Бабушкин магазин ютится внизу Харбор-стрит, у самого выхода к гавани. С первого взгляда он кажется обветшавшим, но, посмотрев на череду заброшенных домов вокруг, я радуюсь тому, что он вообще держится. Ниже, в гавани, видны несколько рыбацких лодок и полоска бледно-желтого песка: время отлива. Может, и погоду эту промозглую куда-нибудь унесет.
День выдался утомительный: с долгим переездом из квартиры на севере Лондона в Сент-Феликс, маленький корнуолльский городишко. Удобства ради мама взяла для меня напрокат автомобиль, новенький черный «ренджровер». Но никакая роскошная машина не скрасит путешествия туда, куда ехать не хочешь.
Что-то сжимается внутри, когда я печально смотрю на свое взъерошенное отражение в витрине. Понятно, почему парень на заправке так вытаращился, когда я подкатила на внедорожнике: физиономия бледная, длинные черные патлы растрепаны – тридцатник никак не дашь. Подумал, наверное, что мне бы на пассажирском сиденье разъезжать, а не на водительском.
Мимо проходит немолодая пара с двумя малышками, судя по одинаковым одежкам – близнецами. Женщина останавливается, чтобы поправить на одной из девочек пальтишко, поднимает капюшон, уберегая ее от пронизывающего ветра, и заодно целует в щеку.
У меня сжимается сердце.
Так и бабушка делала, когда я была маленькой.
Я отворачиваюсь, снова смотрю на магазин, и уже в который раз за этот день меня охватывает чувство вины.
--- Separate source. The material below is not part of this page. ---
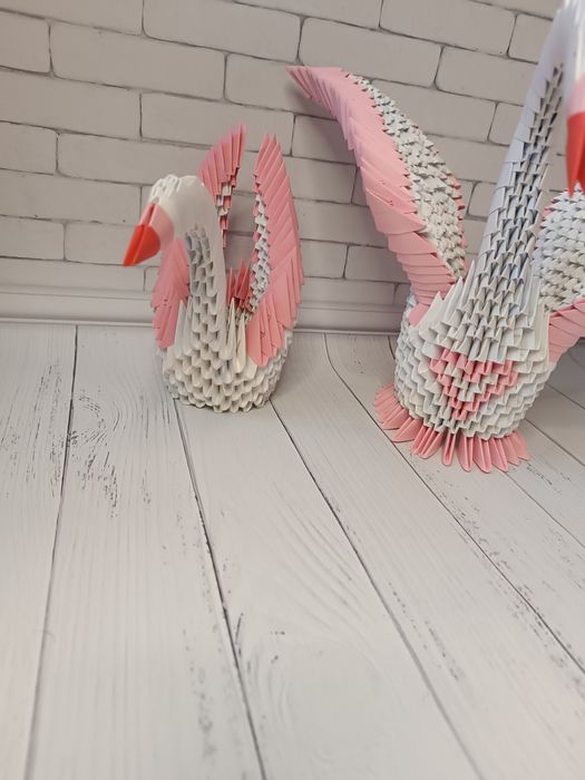 Поэкспериментируйте с размером бумаги для лебедя и корзинки, чтобы создать разные варианты и визуальные эффекты. Большие лебеди и маленькие корзинки или наоборот - это ваше творчество!

Сколько я ныла о возвращении в Сент-Феликс – и все-таки не вернулась вовремя.
Потому что бабушка умерла.
Не преставилась, не перешла в лучший мир, или как там это еще называют, чтобы легче стало принять неизбежное.
Просто умерла и покинула нас, как рано или поздно случается со всеми.
Все плакали. Кроме меня. Я больше не плачу.
Черное носить – это пожалуйста, я такое люблю.
Пойти на похороны, говорить, какая она была замечательная, съесть все, что приготовили на поминки, – с этим тоже проблем не возникло.
Нотариус, приехавший из Корнуолла, собрал всю семью в шикарном лондонском отеле для чтения завещания.
Мы явились: я, мама с папой, тетушка Петал и мои противные кузины Вайолет и Мэриголд. После всей мороки с похоронами чтение завещания поначалу показалось сущим пустяком. В первый момент, когда меня объявили единственной наследницей бабушкиного состояния, на Вайолет и Мэриголд взглянуть было страшно. Но первый шок прошел, мама обняла меня, твердя, что это начало настоящей жизни, и нахлынула паника, вызванная осознанием реальности случившегося.
– Боюсь, мисс, сегодня вы здесь цветов не купите, – произносит голос у меня за спиной, и я, вздрогнув, возвращаюсь к реальности.
Я оборачиваюсь. Молодой полицейский с густыми темными волосами, выбивающимися из-под каски, стоит передо мной, заложив руки за спину. Он кивком указывает на витрину.
– По понедельникам здесь больше никого не бывает.
– А в остальное время?
Ничего себе. Я-то думала, сюда вообще никто не заглядывал с тех пор, как год назад бабушка, уже не обходившаяся без посторонней помощи, легла в лондонскую клинику, оплаченную ее дочерями.
Он пожимает плечами. Судя по нашивкам, это констебль.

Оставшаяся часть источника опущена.